WHAT TO PRODUCE: Print, word for word, the line containing "Spettro di emissione" and all lines beneath it to the end of the entries below. Pictures do not belong in the copy.

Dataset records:
□ □ □ □ □

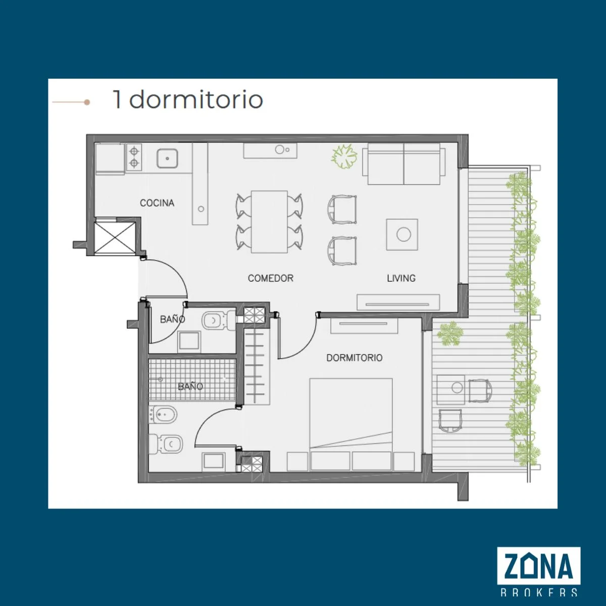 Cuenta con un amplio living - comedor, con excelente iluminación y ventilación ya que el mismo conecta con el blacón mediante una puerta ventana. Este ambiente cuenta con aire acondiconado y todo el apartamento con losa radiante eléctrica
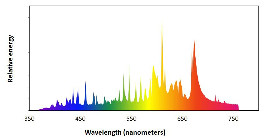 Spettro di emissione completo ideale per promuovere i processi di sviluppo dei vegetali durante tutte le fasi di crescita della pianta. Ricco di Far red per favorire la fase di fioritura.
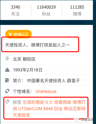 但是薛蛮子还懂得经营之道,他参加了微博的打拐活动,身上多了一个“微博打拐发起人之一”的标签,粉丝迅速飙升到200万。
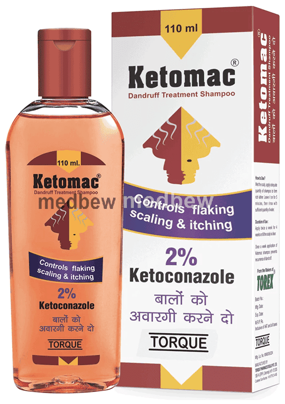 Ketomac Shampoo is an antifungal medication used to control scaling, flaking and itching caused by dandruff. Dandruff is caused by excessive growth of Pityrosporum orbiculare (Malassezia furfur), which is part of normal skin flora. It is also used to treat irregular white or brown patches which occur on the body and sometimes appear after being in the sun (tinea/pityriasis versicolor). Regular application of Ketomac Shampoo on the scalp relieves itching and discomfort in people suffering from dandruff.
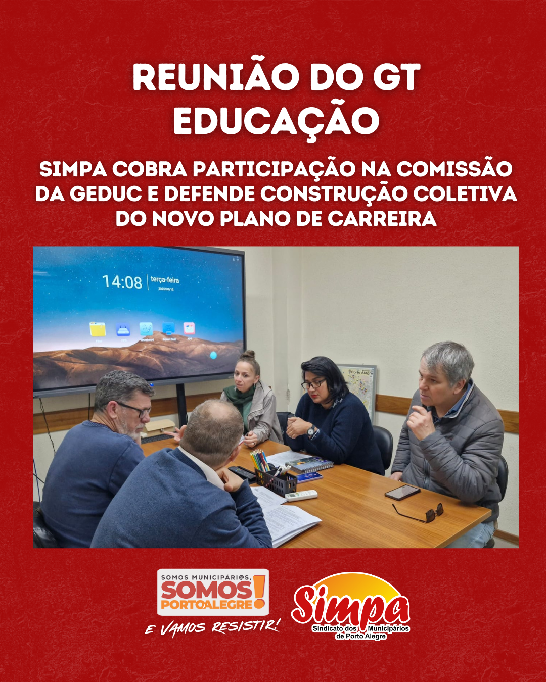 O Grupo de Trabalho da Educação (GT Educação), composto pelo Sindicato dos Municipários de Porto Alegre (Simpa), pelo Cores Educação e por representantes do governo, retomou as negociações da pauta específica da educação, referente à data-base, durante reunião com a presença de representantes da SMED e da SGG, na tarde desta terça-feira (12/8). Os […]
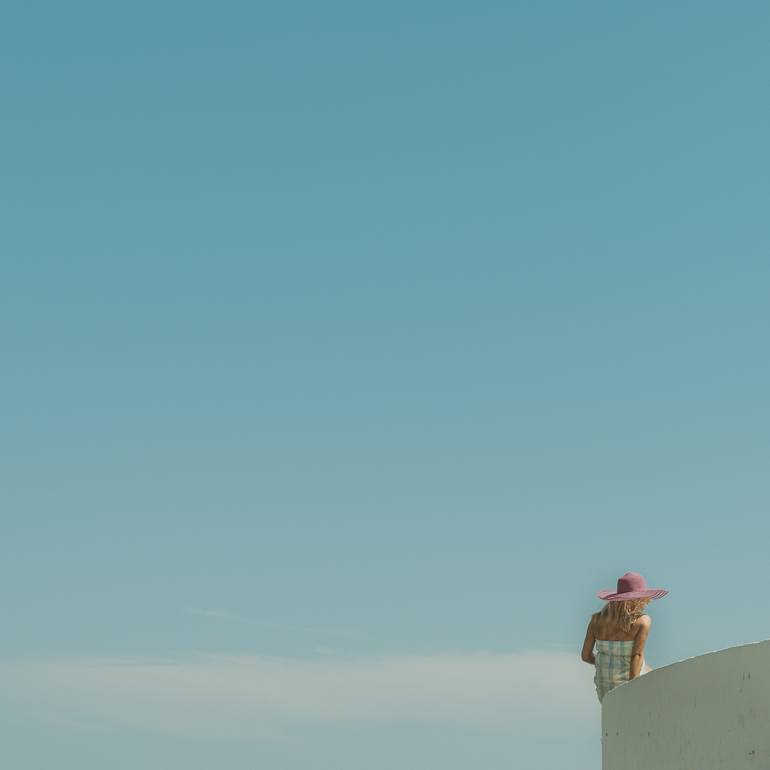 An elegant girl poses on a mediterranean beach before the immensity of the summer sky.
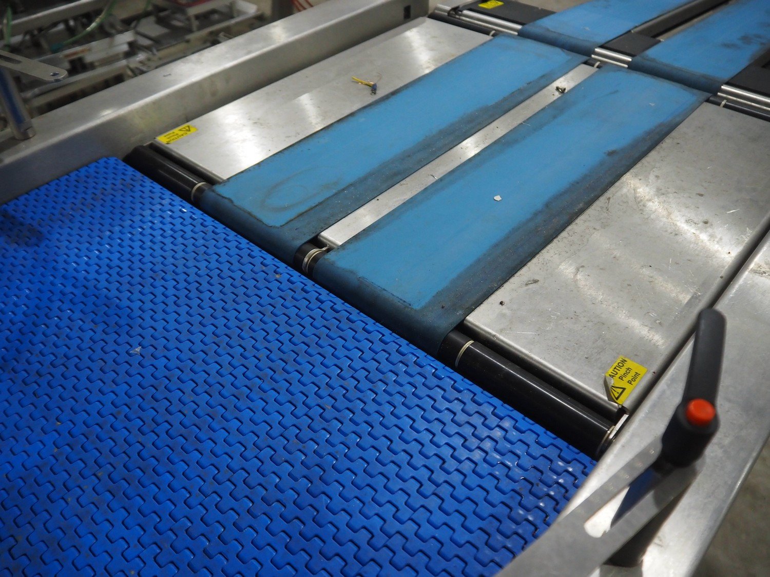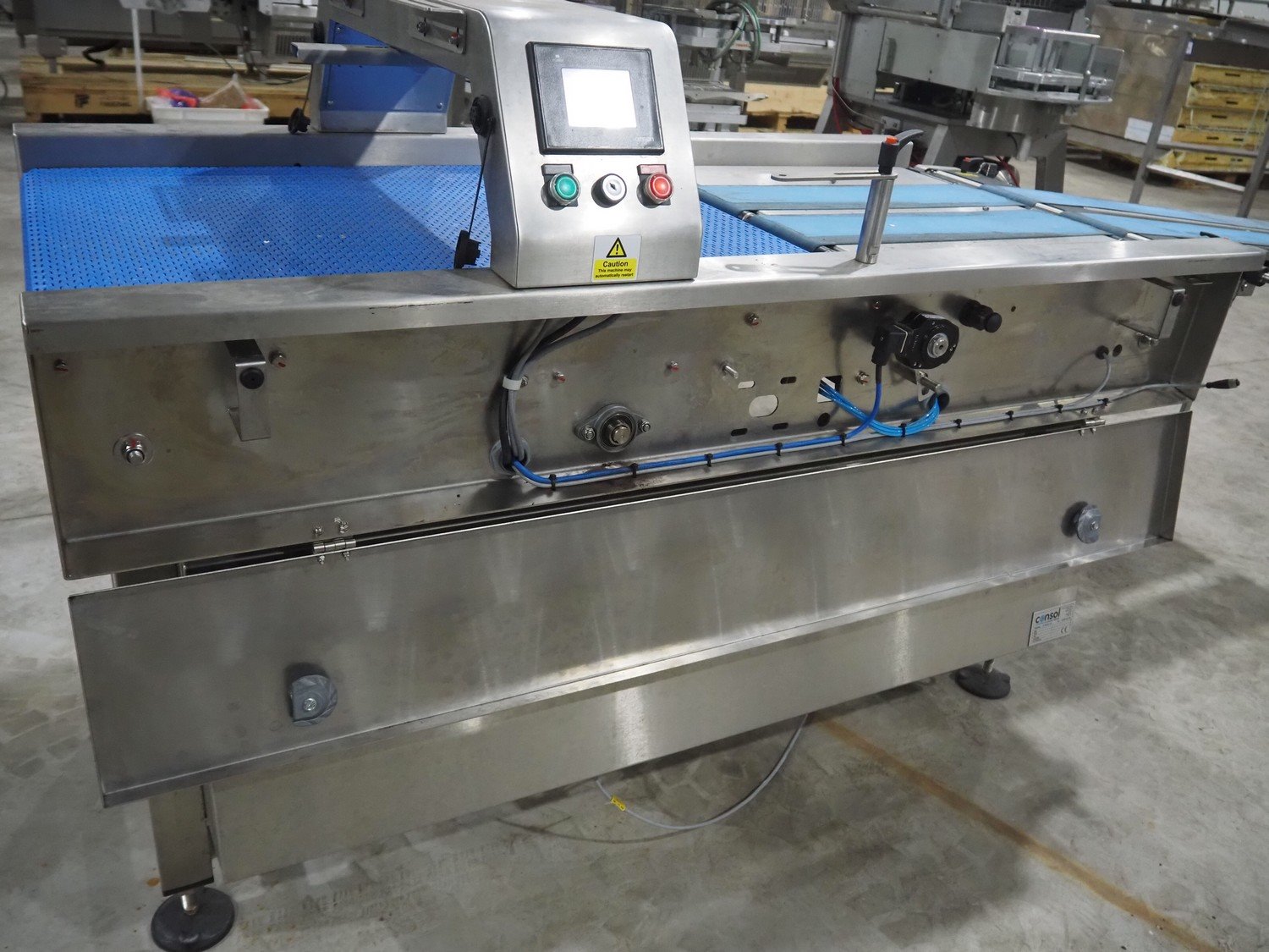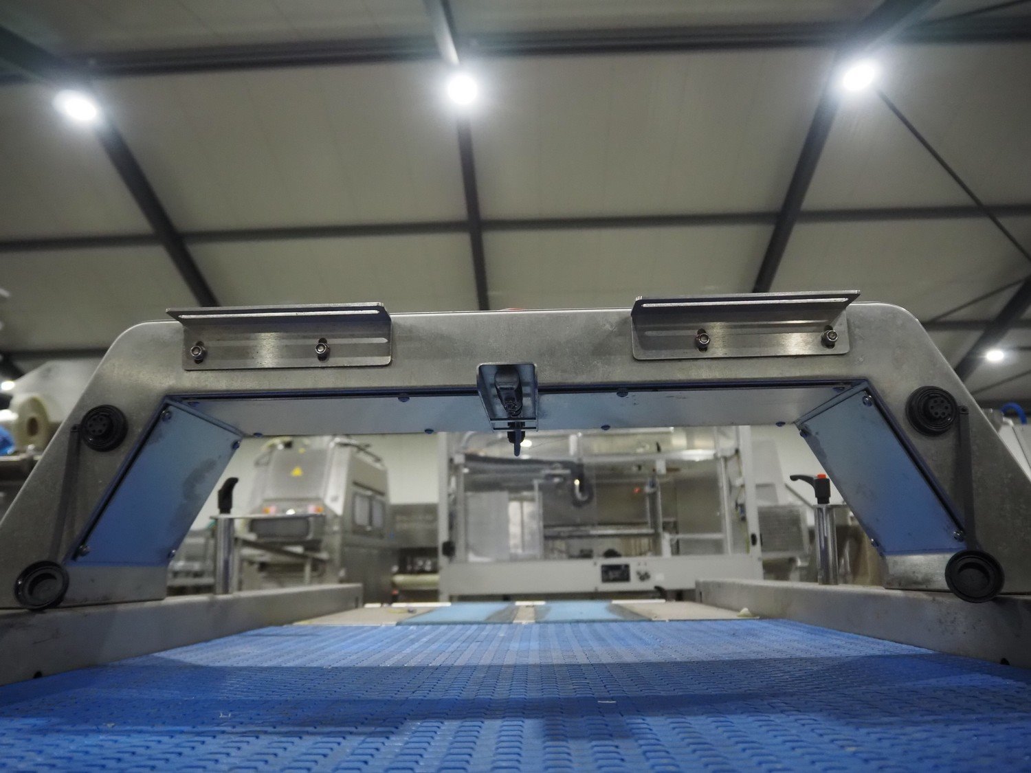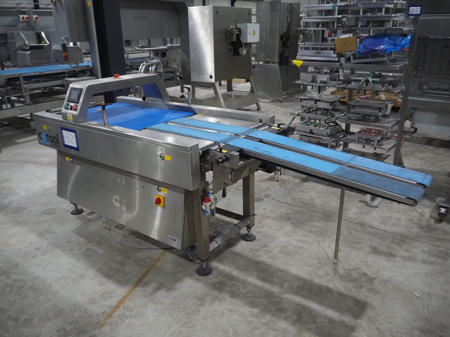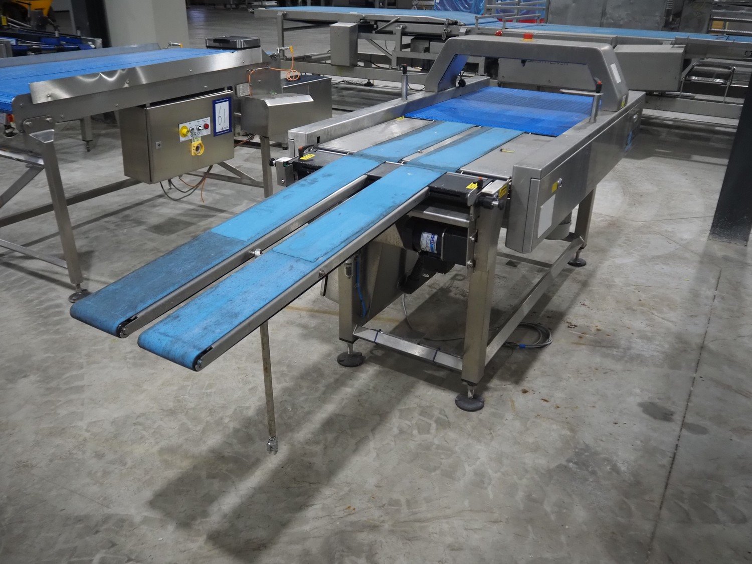 Consol Converging Solutions lane dividing belt, model: INT3, serial number: CS 6696, year of construction: 2019, 230 V, 16 A, plastic belts, belt width: (1x) 680 mm, (2x) 135 mm, total dimensions: 2650 mm x 860 mm x 1150 mm.

□ □ □ □ □

OUTPUT OF THE EXERCISE:
 Spettro di emissione completo ideale per promuovere i processi di sviluppo dei vegetali durante tutte le fasi di crescita della pianta. Ricco di Far red per favorire la fase di fioritura.
 但是薛蛮子还懂得经营之道,他参加了微博的打拐活动,身上多了一个“微博打拐发起人之一”的标签,粉丝迅速飙升到200万。
 Ketomac Shampoo is an antifungal medication used to control scaling, flaking and itching caused by dandruff. Dandruff is caused by excessive growth of Pityrosporum orbiculare (Malassezia furfur), which is part of normal skin flora. It is also used to treat irregular white or brown patches which occur on the body and sometimes appear after being in the sun (tinea/pityriasis versicolor). Regular application of Ketomac Shampoo on the scalp relieves itching and discomfort in people suffering from dandruff.
 O Grupo de Trabalho da Educação (GT Educação), composto pelo Sindicato dos Municipários de Porto Alegre (Simpa), pelo Cores Educação e por representantes do governo, retomou as negociações da pauta específica da educação, referente à data-base, durante reunião com a presença de representantes da SMED e da SGG, na tarde desta terça-feira (12/8). Os […]
 An elegant girl poses on a mediterranean beach before the immensity of the summer sky.
 Consol Converging Solutions lane dividing belt, model: INT3, serial number: CS 6696, year of construction: 2019, 230 V, 16 A, plastic belts, belt width: (1x) 680 mm, (2x) 135 mm, total dimensions: 2650 mm x 860 mm x 1150 mm.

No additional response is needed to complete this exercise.